:: REQUIREMENT ::
All that is wanted is the exact text of the lines below from the one with "A young boy" through the one with "Day Four: Start", inclusive, minus any pictures.

:: DATA EXTRACTS ::
==========

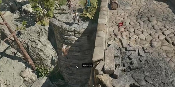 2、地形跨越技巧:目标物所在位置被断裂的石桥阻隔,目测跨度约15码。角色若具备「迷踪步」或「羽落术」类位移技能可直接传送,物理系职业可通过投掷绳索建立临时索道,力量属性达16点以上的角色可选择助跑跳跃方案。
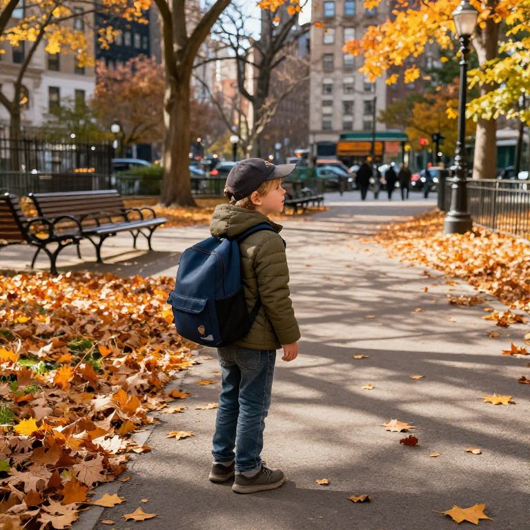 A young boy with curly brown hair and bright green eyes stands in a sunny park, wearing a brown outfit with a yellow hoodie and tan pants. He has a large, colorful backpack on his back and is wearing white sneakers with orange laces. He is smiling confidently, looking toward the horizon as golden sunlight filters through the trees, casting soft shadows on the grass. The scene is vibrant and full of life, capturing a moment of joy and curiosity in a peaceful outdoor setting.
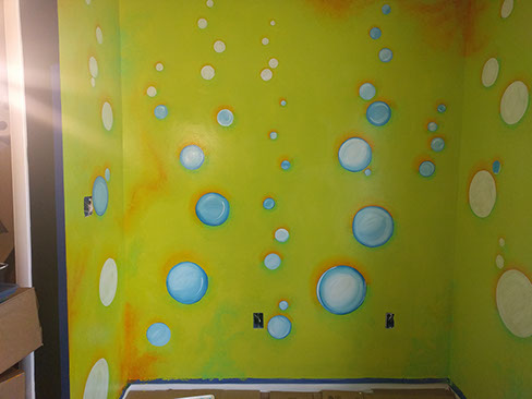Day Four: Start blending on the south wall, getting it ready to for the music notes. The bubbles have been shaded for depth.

==========

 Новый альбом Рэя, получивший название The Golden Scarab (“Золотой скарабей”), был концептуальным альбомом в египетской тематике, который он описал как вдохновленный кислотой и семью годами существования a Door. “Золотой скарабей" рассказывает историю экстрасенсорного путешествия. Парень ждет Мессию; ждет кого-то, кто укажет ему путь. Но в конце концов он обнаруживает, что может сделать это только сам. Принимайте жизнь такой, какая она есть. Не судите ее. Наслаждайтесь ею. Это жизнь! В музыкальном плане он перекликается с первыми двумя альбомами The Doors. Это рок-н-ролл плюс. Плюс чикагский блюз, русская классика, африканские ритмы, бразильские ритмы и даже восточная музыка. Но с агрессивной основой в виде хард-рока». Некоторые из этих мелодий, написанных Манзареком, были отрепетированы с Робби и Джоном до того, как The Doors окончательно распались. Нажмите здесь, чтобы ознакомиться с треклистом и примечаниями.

==========

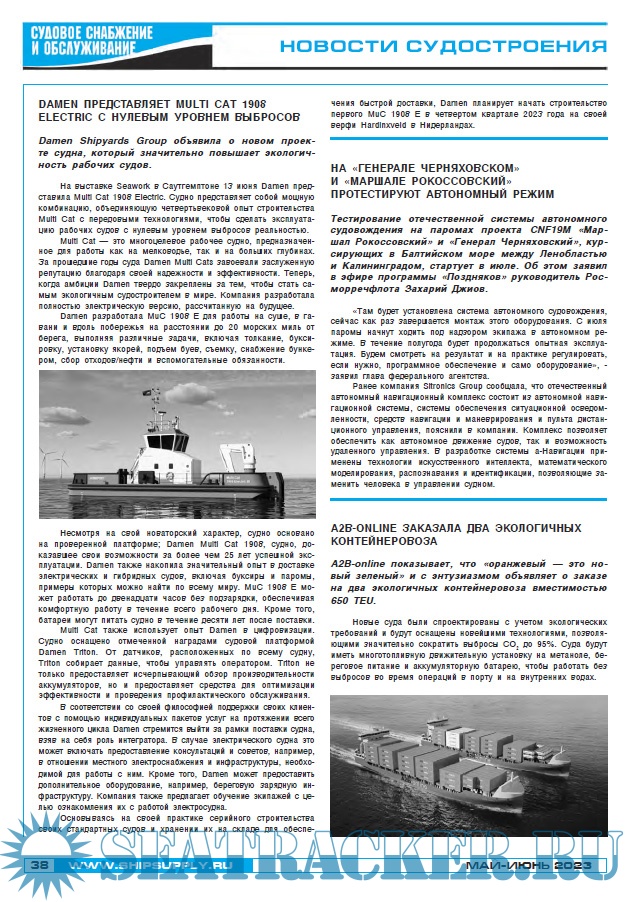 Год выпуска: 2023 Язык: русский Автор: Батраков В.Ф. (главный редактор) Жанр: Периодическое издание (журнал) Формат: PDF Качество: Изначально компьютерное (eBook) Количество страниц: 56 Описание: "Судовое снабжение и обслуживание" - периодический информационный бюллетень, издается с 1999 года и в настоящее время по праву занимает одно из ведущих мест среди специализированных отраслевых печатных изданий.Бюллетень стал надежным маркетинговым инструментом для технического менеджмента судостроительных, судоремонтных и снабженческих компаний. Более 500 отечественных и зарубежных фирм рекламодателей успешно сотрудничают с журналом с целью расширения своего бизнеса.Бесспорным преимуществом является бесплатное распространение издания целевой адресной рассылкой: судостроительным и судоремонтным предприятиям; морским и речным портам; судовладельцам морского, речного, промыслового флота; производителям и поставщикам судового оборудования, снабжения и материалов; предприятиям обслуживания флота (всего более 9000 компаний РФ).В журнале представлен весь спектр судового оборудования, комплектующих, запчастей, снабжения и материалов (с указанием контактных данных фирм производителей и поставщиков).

==========

:: EXERCISE OUTPUT ::
 A young boy with curly brown hair and bright green eyes stands in a sunny park, wearing a brown outfit with a yellow hoodie and tan pants. He has a large, colorful backpack on his back and is wearing white sneakers with orange laces. He is smiling confidently, looking toward the horizon as golden sunlight filters through the trees, casting soft shadows on the grass. The scene is vibrant and full of life, capturing a moment of joy and curiosity in a peaceful outdoor setting.
Day Four: Start blending on the south wall, getting it ready to for the music notes. The bubbles have been shaded for depth.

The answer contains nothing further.